Thunder wird von Anduril als autonomer Kampfhubschrauber der Klasse 5 bezeichnet und soll als sogenannter „Loyal Wingman“ gemeinsam mit bemannten Maschinen operieren. Dank VTOL-Technik kann das Fluggerät senkrecht starten und landen, während gekippte Rotoren anschließend den Übergang in den Horizontalflug ermöglichen.

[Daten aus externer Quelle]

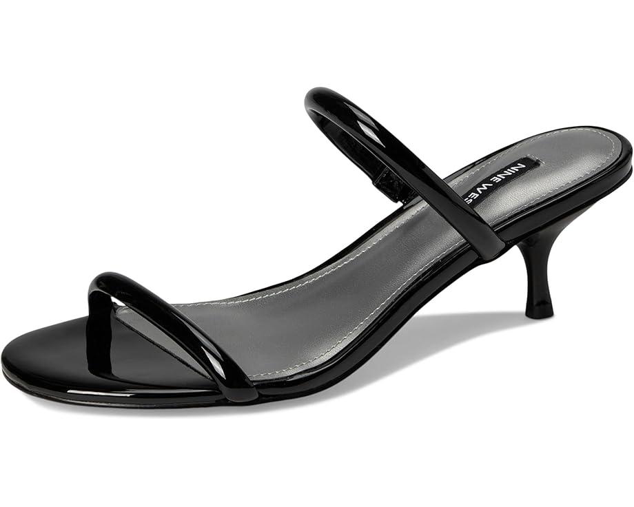 Stylish and cute, the Nine West® Berri dress sandal is the perfect wardrobe staple. It features a chic open round-toe design, a slip-on silhouette, and mid mid-stiletto heel. Crafted with a double sleek strapped faux leather upper and comfortable footbed, this sandal is sure to impress!

Das gemeinsam mit Archer Aviation angepasste Kipprotorsystem wird mit 2 Hybrid-Elektroantrieben kombiniert. Die Rotordrehzahl soll sich automatisch an die jeweilige Flugsituation anpassen, um Effizienz und Geräuschsignatur zu optimieren. Konkrete Daten zu Höchstgeschwindigkeit, Reichweite und maximaler Flugdauer hat Anduril bislang nicht veröffentlicht.

Ein wichtiger Bestandteil ist die Autonomie-Software Lattice. Sie soll zusammen mit verschiedenen Sensoren unter anderem Formationsflüge, Missionsplanung und die koordinierte Unterstützung bemannter Luftfahrzeuge ermöglichen. Das System ist außerdem darauf ausgelegt, mit eingeschränkter Sicht sowie gestörten GPS- und Kommunikationsverbindungen umzugehen.

Auch bei der Nutzlast setzt Thunder auf Flexibilität. Vorgesehen sind austauschbare Module für Fracht, elektronische Systeme und weitere militärische Anwendungen. Als mögliche Konfigurationen nennt Anduril unter anderem 10 Luft-Boden-Raketen, 16 luftgestützte Effekte oder 76 Raketen im 70-mm-Format sowie 12 Drohnenabwehrsysteme.

Der Erstflug des Anduril Thunder ist aktuell für 2027 vorgesehen.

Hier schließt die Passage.